I recall my co-salutatorian speech … I talked about the uncertainties that lie ahead, can’t always see the curve ahead but knowledge, relationships and willingness to continue to learn are great tools to have to navigate life.

I learned about expectations, standards and the importance of teaching others. Treat people fairly. Communicate clearly. Think deeper than what is on the surface. It’s OK to have different opinions. Share your knowledge and build each other up.

So you see, seniors, you have the intellect and ability to chart your own course with encouragement from those before you.

Your parents and educators all want you to make yourself a better person and your community a better place in which to live by giving of yourself and recognizing your community as a vibrant home.

Strong character is shaped from living in small communities such as Wells and Fallon and applied to any place you call home.

Give of yourself. Be active. Become involved with a volunteer fire department or on an ambulance crew, volunteer to coach, help your senior citizens, be active in community endeavors. Volunteer at a school or church. Profession is one thing. Community is another that requires sacrifice of time and commitment.

Nothing is more satisfying in life knowing you made a difference with someone else.

Many people from this community have achieved many goals. From the outside, Fallon is small; from the inside, it has produced honored Nevadans. In addition to former Fallon residents being inducted into various halls of fame or receiving major awards, this small community 62 miles from Reno has several journalists in the Nevada Press Association’s Hall of Fame, joining the company of journalists such as Mark Twain.

I admire the tenacity of this writer who grew up in Elko County. Jean McElrath distinguished herself as a Nevada journalist and author beginning in the 1940s. Her column “Tumbleweeds” was published for more than two decades.

After I arrived in Wells, the high school librarian loaned me a copy of her book “Tumbleweeds” to read.

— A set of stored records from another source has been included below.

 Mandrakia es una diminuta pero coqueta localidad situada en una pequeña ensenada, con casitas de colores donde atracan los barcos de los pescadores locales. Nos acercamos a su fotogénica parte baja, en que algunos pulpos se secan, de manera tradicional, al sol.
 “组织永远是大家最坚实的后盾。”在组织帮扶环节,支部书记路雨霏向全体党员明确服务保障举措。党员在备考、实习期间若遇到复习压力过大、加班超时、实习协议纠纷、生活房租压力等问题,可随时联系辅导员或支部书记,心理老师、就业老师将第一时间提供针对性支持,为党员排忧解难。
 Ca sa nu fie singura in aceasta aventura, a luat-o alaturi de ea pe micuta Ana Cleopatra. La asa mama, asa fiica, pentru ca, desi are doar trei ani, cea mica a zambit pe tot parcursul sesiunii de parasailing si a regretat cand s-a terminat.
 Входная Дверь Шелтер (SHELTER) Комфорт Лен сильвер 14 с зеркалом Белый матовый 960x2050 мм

Although Jean died in 1967 after writing her column for 25 years, she never gave up.

But let me tell you the rest of the story ….

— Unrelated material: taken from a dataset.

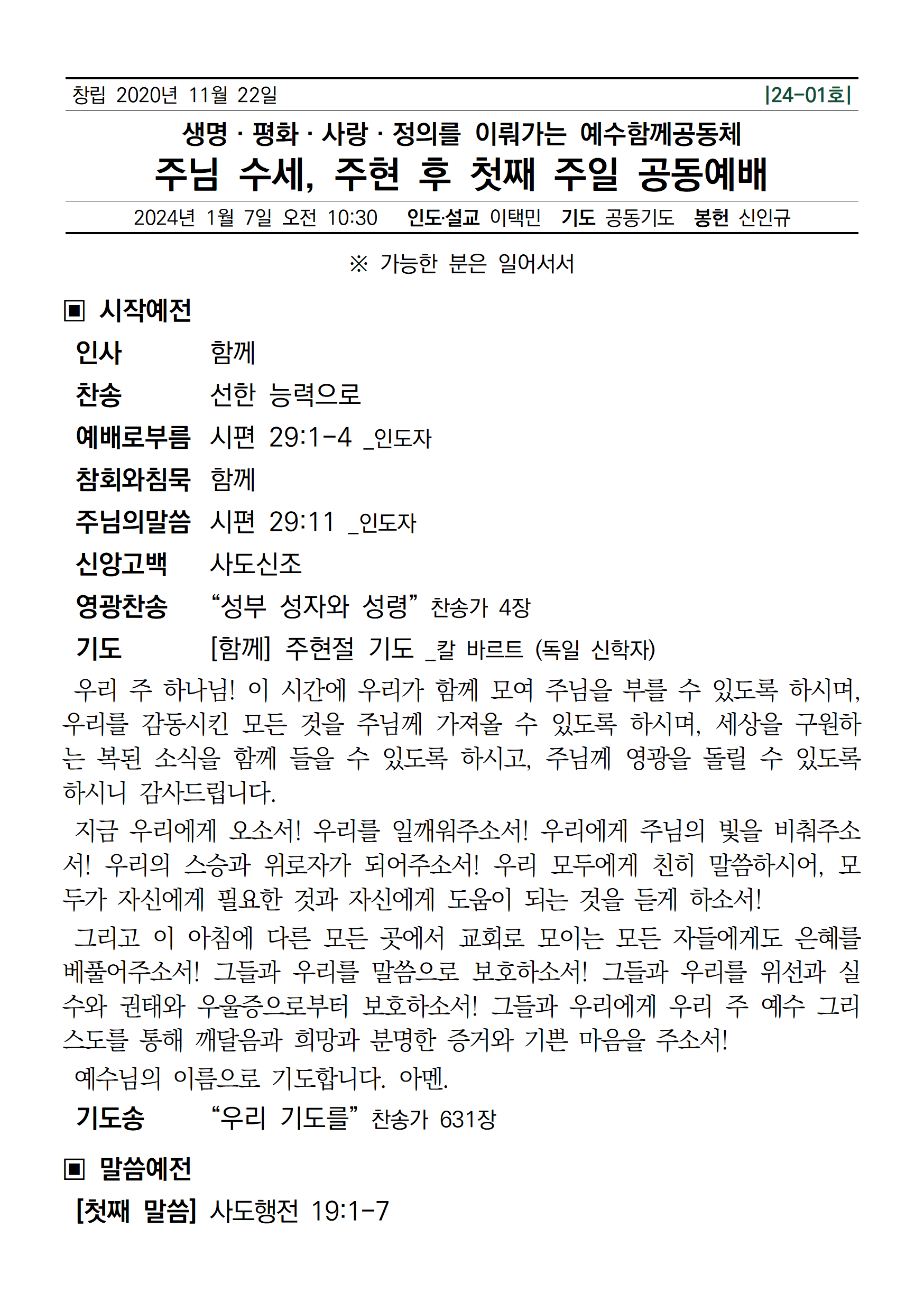 | [주일공동예배] 2024년 1월 7일 예수함께공동체 (0) | 2024.01.06 |

Jean lay crippled from arthritis that had her bedridden since her teens. Later, when she became blind, her typewriter had Braille letters taped to the keys.

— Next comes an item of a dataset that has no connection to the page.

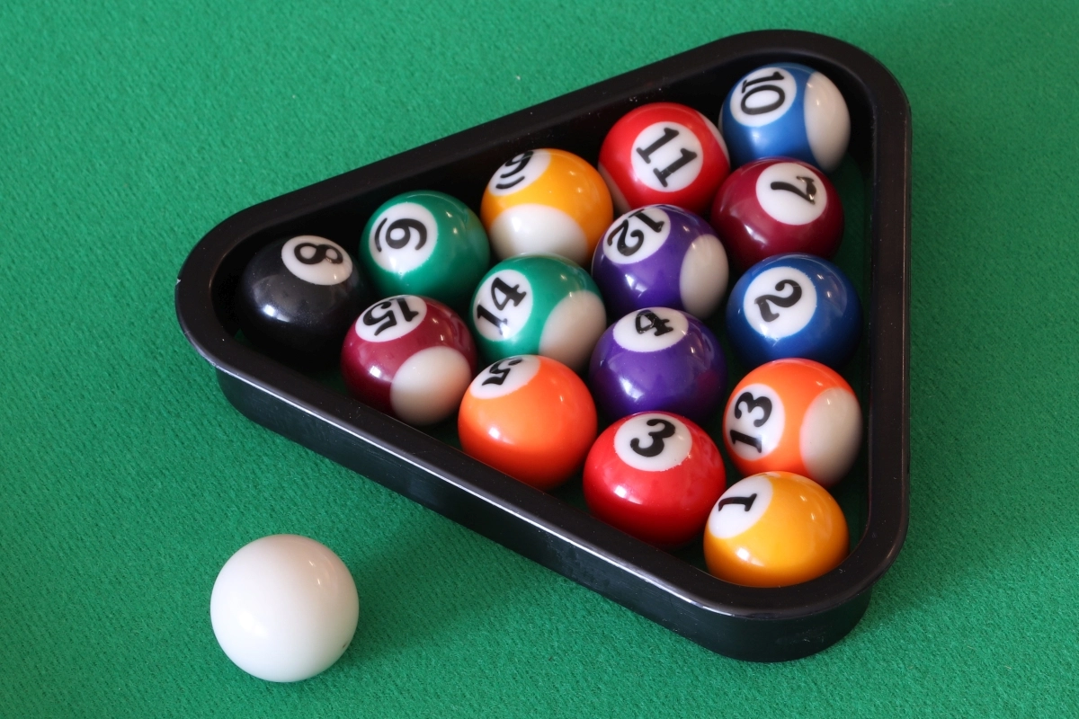 2 lazdos, 16 biliardo kamuoliukų, papildomi priedai

Jean never lost her thirst for knowledge. She received recognition from then Gov. Grant Sawyer. Author Robert Laxalt was one of her mentors and also instrumental in getting her book “Aged in Sage” published. She was named Distinguished Nevadan in 1965, but she accepted the award in person from her gurney. Sadly, she passed away 52 years ago, but any community and the state were much better places for knowing Jean.

Graduates, this is the Nevada spirit … never give up.

You’ll find each generation has its own stories …

And now … final advice on not repeating the same mistakes. Look at each other, look into your classmates’ eyes, look straight ahead. These are my parting words:

Don’t lose contact with your fellow classmates, your parents and friends. I did in later life and never had a chance to see or say goodbye to many teaching colleagues or other community members I knew. Let your teachers and friends know how you are doing. Stop in and see them when you return home. Your parents, relatives and friends with us today are part of the Fallon family. Keep this in mind now and for the days ahead. Communicate by phone, letter, social media, Pony Express. Check on each other … encourage each other … help each other … now and the years to follow …. we’ll see you in a decade at your 10-year reunion.

Steve Ranson is editor emeritus of the Lahontan Valley News and a former English teacher and school administrator.

Notes: In 2018, I was asked to give the graduation speech at Wells High School where I first began teaching English in the 1970s. The comments offered last year seem appropriate to the 2019 graduating classes from Churchill County High School, the Adult Education program and Oasis Academy. The references can fit any graduating class, whether students attend a small or large high school. The last paragraph of this speech may have been a foretelling for seniors to check up on one another and never lose contact. Two months after I delivered this graduation speech, one of the seniors in the Wells Class of 2018 took his life.